═══ SUPPLIED MATERIAL ═══

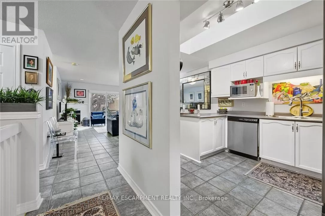 Between Kitty Murray & Meadowland Amazing Bungalow townhouse in Ancaster. Shopping, groceries, restaurants steps away. Open Concept. Spacious unit with completely finished basement. Huge rec-room with loads of custom storage (can be moved), Bedroom and bonus room which would be a great office, exercise room or hobby area. Cozy electric fireplace and a newer 3 pc bath. Ideal area for overnight guests or family. Newer fridge & new dishwasher. Gas fireplace in the living room area. Doors open onto a newer deck with lots of privacy. The primary bedroom can accommodate a king bed and has 2 large cupboards. Ensuite has a tub/shower area. There is a 3rd bathroom (3 pc) and a den or 2nd bedroom on the main level. Very bright & cheerful. Laundry on the main level. The garage can house a car, and lots of visitor parking also. Great, well maintained complex. Condo fees are reasonable. (id:27476)
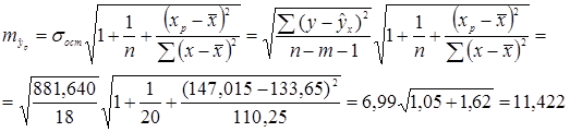 5. Полученные оценки уравнения регрессии позволяют использовать его для прогноза. Если прогнозное значение фактора составит
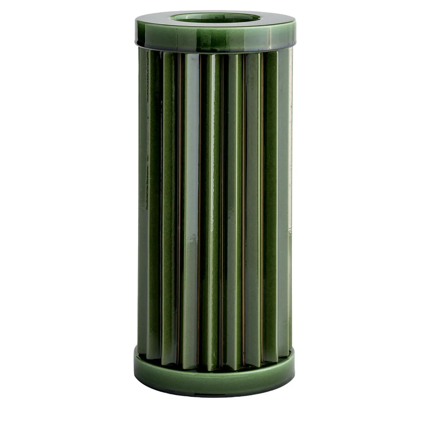 Un design unico e sofisticato, dal valore architettonico elegante e senza tempo, questo vaso appartiene alla serie di vasi scultorei Rombini, disegnati da Ronan & Erwan Bouroullec e realizzati artigianalmente in ceramica in collaborazione con Bitossi. Rifinito a mano in una tonalità verde totale dall’aspetto lucido, esalta la sua forma cilindrica plissettata. Disponibile in un’ampia gamma di colori e composizioni, consultare il catalogo Artemest per le opzioni.
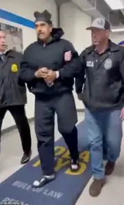 Venezuela’s President Nicolas Maduro is seen being taken into custody by US law enforcement officials
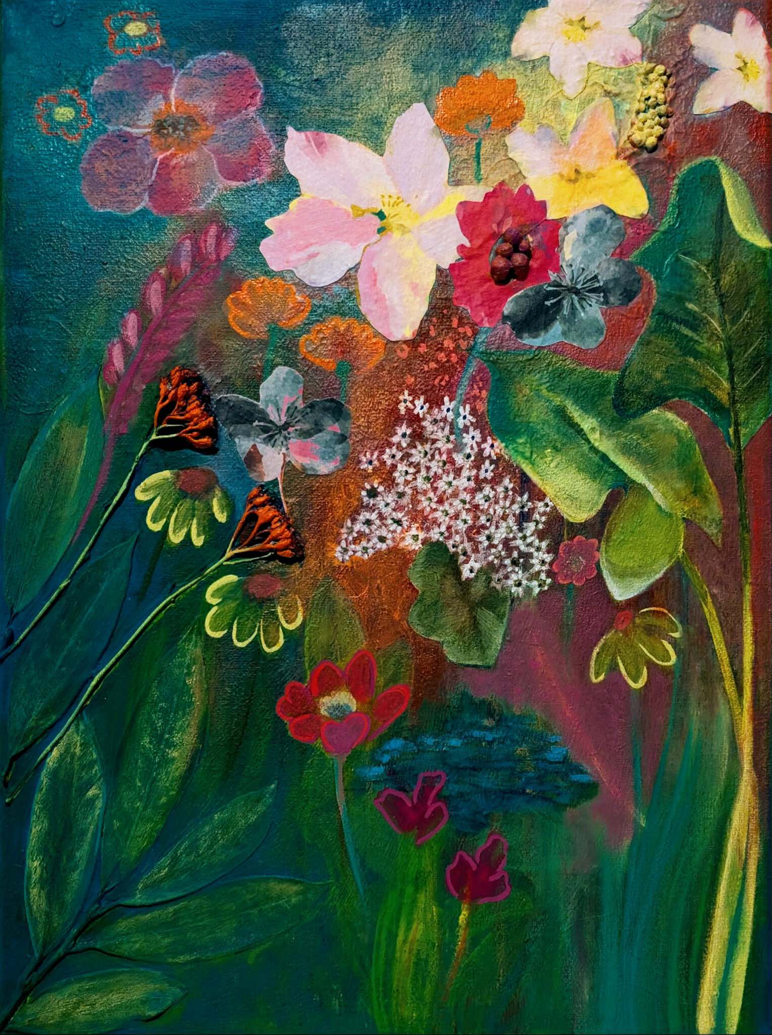 Schilderij Acryl Mixed Media Bloemen Kleurrijk Realistisch Linnen
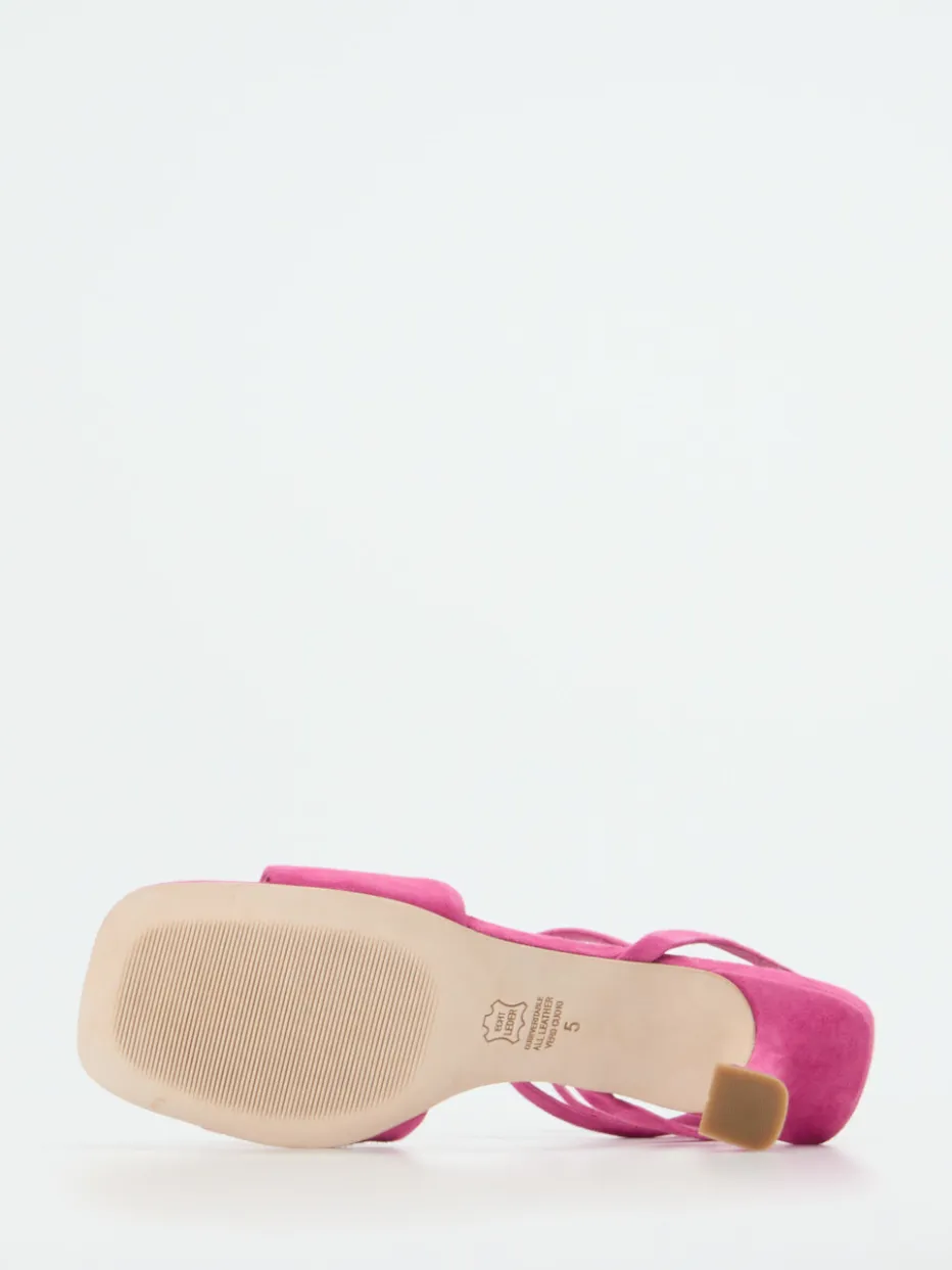 Mit klarem Fashion-Fokus kombiniert diese Sandalette luxuriöses Veloursleder in Pink mit einem stilvollen Kitten Heel und funkelndem Strassbesatz.
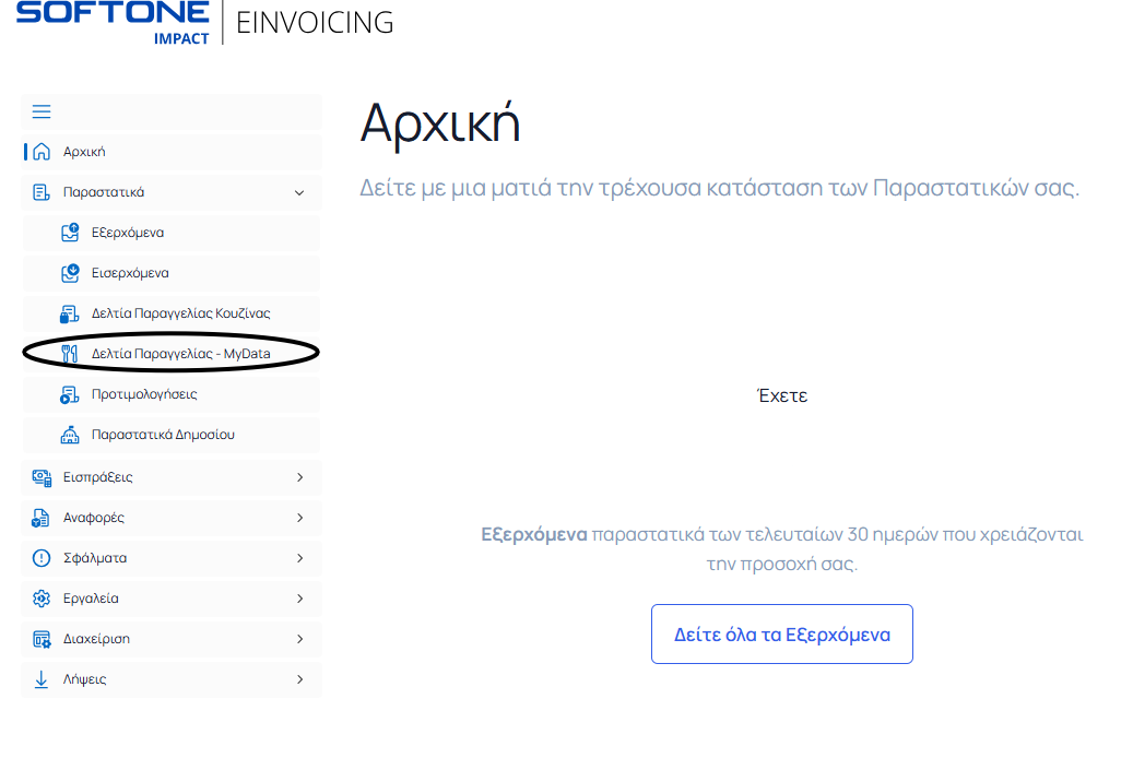 - Στην αρχική σελίδα του Portal και συγκεκριμένα στο tab Παραστατικά επιλέγετε «Δελτία Παραγγελίας-My Data».
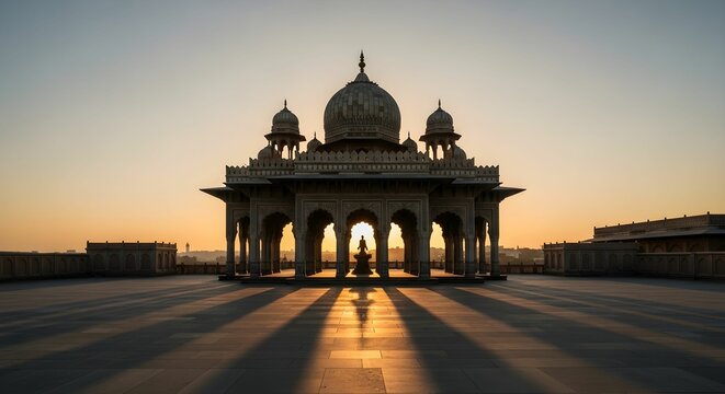 A majestic domed pavilion with intricate arches stands silhouetted against the golden light of sunrise, casting long shadows on the stone courtyard. The serene architecture suggests a spiritual or cul
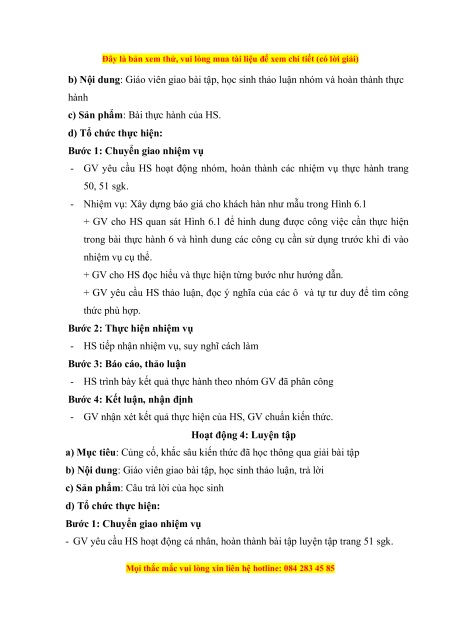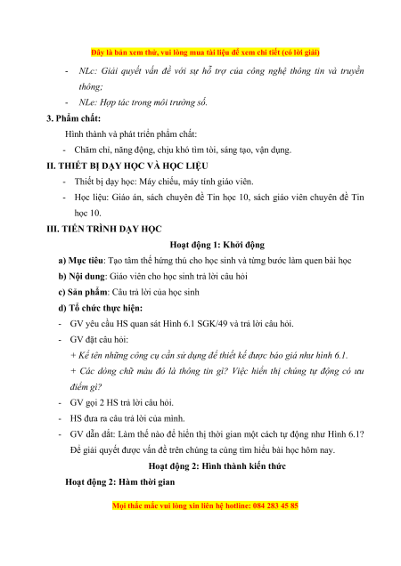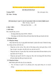 Đây là bản xem thử, vui lòng mua tài liệu để xem chi tiết (có lời giải) KẾ HOẠCH BÀI DẠY Trường THPT Họ và tên giáo viên: Tổ: Toán - Tin học

═══

BRIEF. Return the full listing above verbatim, please, but without its images.

ANSWER BOX.
 Between Kitty Murray & Meadowland Amazing Bungalow townhouse in Ancaster. Shopping, groceries, restaurants steps away. Open Concept. Spacious unit with completely finished basement. Huge rec-room with loads of custom storage (can be moved), Bedroom and bonus room which would be a great office, exercise room or hobby area. Cozy electric fireplace and a newer 3 pc bath. Ideal area for overnight guests or family. Newer fridge & new dishwasher. Gas fireplace in the living room area. Doors open onto a newer deck with lots of privacy. The primary bedroom can accommodate a king bed and has 2 large cupboards. Ensuite has a tub/shower area. There is a 3rd bathroom (3 pc) and a den or 2nd bedroom on the main level. Very bright & cheerful. Laundry on the main level. The garage can house a car, and lots of visitor parking also. Great, well maintained complex. Condo fees are reasonable. (id:27476)
 5. Полученные оценки уравнения регрессии позволяют использовать его для прогноза. Если прогнозное значение фактора составит
 Un design unico e sofisticato, dal valore architettonico elegante e senza tempo, questo vaso appartiene alla serie di vasi scultorei Rombini, disegnati da Ronan & Erwan Bouroullec e realizzati artigianalmente in ceramica in collaborazione con Bitossi. Rifinito a mano in una tonalità verde totale dall’aspetto lucido, esalta la sua forma cilindrica plissettata. Disponibile in un’ampia gamma di colori e composizioni, consultare il catalogo Artemest per le opzioni.
 Venezuela’s President Nicolas Maduro is seen being taken into custody by US law enforcement officials
 Schilderij Acryl Mixed Media Bloemen Kleurrijk Realistisch Linnen
 Mit klarem Fashion-Fokus kombiniert diese Sandalette luxuriöses Veloursleder in Pink mit einem stilvollen Kitten Heel und funkelndem Strassbesatz.
 - Στην αρχική σελίδα του Portal και συγκεκριμένα στο tab Παραστατικά επιλέγετε «Δελτία Παραγγελίας-My Data».
 A majestic domed pavilion with intricate arches stands silhouetted against the golden light of sunrise, casting long shadows on the stone courtyard. The serene architecture suggests a spiritual or cul
 Đây là bản xem thử, vui lòng mua tài liệu để xem chi tiết (có lời giải) KẾ HOẠCH BÀI DẠY Trường THPT Họ và tên giáo viên: Tổ: Toán - Tin học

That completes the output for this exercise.